I'll be posting a lot of details to my blog, and post a link to it soon. In the meantime, here is some basic information about the table.
General
I put a lot of effort into making the mechanism and electronics reliable and quiet., and largely succeeded. It is also capable of extraordinary speed and acceleration (for a sand table, anyway). My sand table running in real time looks like other sand table time-lapse videos. I routinely draw patterns at 500-1000 mm/sec but the table is capable of almost 2000 mm/sec. Acceleration can go up to 2gs before it throws the ball, though I normally run it at 5k-10k mm/sec^2.
The Mechanism
Arrakis uses a belt driven corexy mechanism powered by servomotors with 20 tooth pulleys. The frame is made of 45 mm square t-slot aluminum and all the mechanical parts fit inside the rectangular frame. The slots in the long rails serve as guides for the Y axis with sliding PTFE bearings. The X axis guide is a square aluminum tube and it too, uses sliding PTFE bearings to keep noise down. Pulleys are made from stacked F625 bearings. All bearing, pulley, motor mounts, and the magnet carriage are 3D printed.
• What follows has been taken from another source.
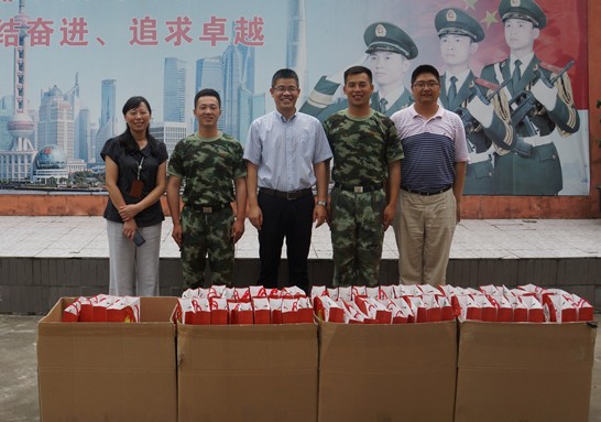 “八一”建军节来临之际,7月21日-22日之间,中心党总支书记乐永林、副主任傅传威等一行先后前往中山派出所、松江区公安消防支队、上海武警第五支队十一中队等共建单位,慰问在炎炎夏日里坚守岗位的武警官兵。

The table uses a 1" cube, N52 neodymium magnet. Patterns are drawn using an 11mm steel ball.
Electronics
Each motor has its own power supply, as does the Duet 2 WiFi controller board. There are two LED strips, red and blue, that are each powered by buck converters connected to one of the motor power supplies. The motors are iHSV 78W (there's no kill like overkill!) Nema-17 integrated servomotors. They are driven by step/direction/enable signals from an expansion board plugged into the Duet controller. The Controller has a web server that can be accessed to control the table via phone or laptop computer.
The Sandbox
is made with 1/2" walls and a 1/4" bottom from Baltic birch plywood. There's a layer EPDM rubber on the bottom of the box to minimize noise from the ball rolling. The sides of the box are finished with 1/2" high density upholstery foam covered with red and blue striped fur cloth. The box is mounted so that there's an air gap between the bottom of the box and the magnet to minimize noise. The top cover consists of an oak frame that has been stained and finished with oil based polyurethane which holds a tempered glass cover. The cover was put at coffee table height and the bottom of the sandbox placed close to the floor to keep sand from sticking to the glass. The sides of the box come down almost to the floor to keep Ms. Kitty from getting under it and chewing on wires or belts.
Software
Patterns are generated using Sandify. I wrote a post processor to take advantage of the high speeds that the servomotors can provide. The post-processor allows two speeds to be set in the pattern files- a low speed for drawing the pattern and preserving detail, and a high speed for travel around the edges of the table. Now, for example, I can specify that the drawing should occur at 100 mm/sec and the edge motion at 1000 mm/sec. In some patterns with a lot of edge motion the result is a significant reduction in pattern completion time and reduced boredom if you're watching the table draw the pattern.
Beautiful pictures, the two colours really look great. Do you have a video of it in action?